**Data items**
********************

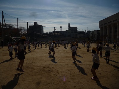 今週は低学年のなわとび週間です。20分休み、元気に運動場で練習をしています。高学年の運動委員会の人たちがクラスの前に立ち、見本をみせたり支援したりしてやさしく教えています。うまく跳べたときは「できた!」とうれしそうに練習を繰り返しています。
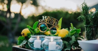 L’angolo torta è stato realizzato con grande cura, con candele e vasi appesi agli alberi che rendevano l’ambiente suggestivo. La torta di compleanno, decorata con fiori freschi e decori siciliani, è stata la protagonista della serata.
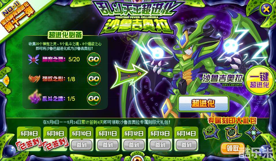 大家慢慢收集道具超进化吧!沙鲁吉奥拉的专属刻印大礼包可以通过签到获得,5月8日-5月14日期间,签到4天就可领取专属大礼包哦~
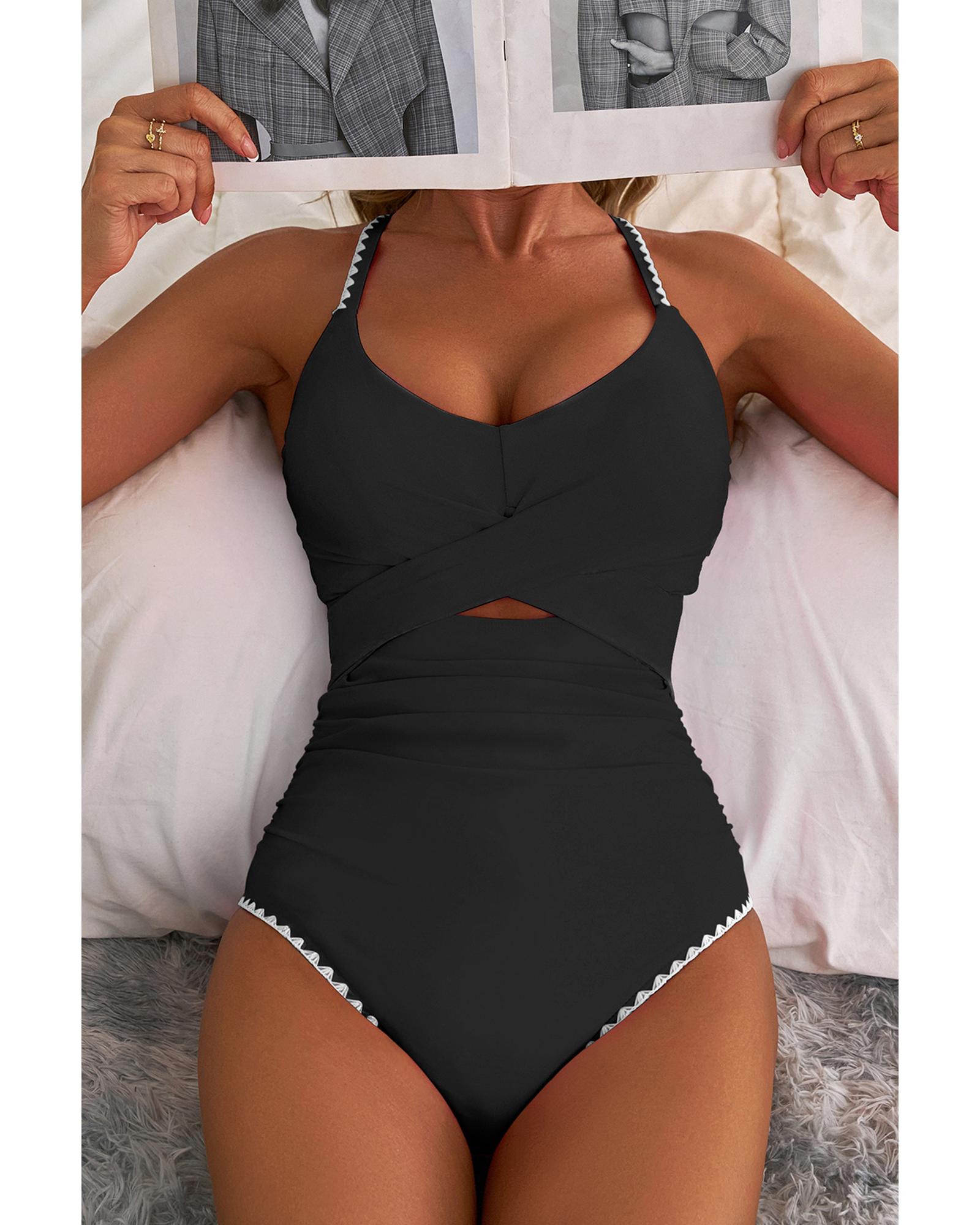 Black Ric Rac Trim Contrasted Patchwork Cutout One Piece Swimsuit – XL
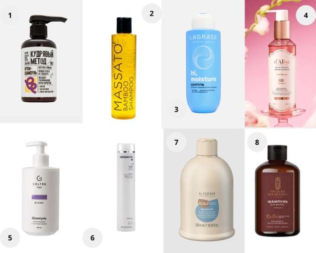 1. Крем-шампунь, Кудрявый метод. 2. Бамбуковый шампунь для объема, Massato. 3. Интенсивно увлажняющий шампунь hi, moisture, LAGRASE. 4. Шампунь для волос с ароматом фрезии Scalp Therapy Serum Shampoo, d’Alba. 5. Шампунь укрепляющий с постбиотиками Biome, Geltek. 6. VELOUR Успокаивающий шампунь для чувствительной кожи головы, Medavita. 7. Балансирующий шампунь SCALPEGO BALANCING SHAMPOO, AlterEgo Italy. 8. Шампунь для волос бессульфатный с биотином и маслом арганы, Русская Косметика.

********************

**WHAT YOU SHOULD DO**
Go through the data above and print exactly the lines from its first line through the line holding "Black Ric Rac", both included, leaving pictures aside.

**RESPONSE BOX**
 今週は低学年のなわとび週間です。20分休み、元気に運動場で練習をしています。高学年の運動委員会の人たちがクラスの前に立ち、見本をみせたり支援したりしてやさしく教えています。うまく跳べたときは「できた!」とうれしそうに練習を繰り返しています。
 L’angolo torta è stato realizzato con grande cura, con candele e vasi appesi agli alberi che rendevano l’ambiente suggestivo. La torta di compleanno, decorata con fiori freschi e decori siciliani, è stata la protagonista della serata.
 大家慢慢收集道具超进化吧!沙鲁吉奥拉的专属刻印大礼包可以通过签到获得,5月8日-5月14日期间,签到4天就可领取专属大礼包哦~
 Black Ric Rac Trim Contrasted Patchwork Cutout One Piece Swimsuit – XL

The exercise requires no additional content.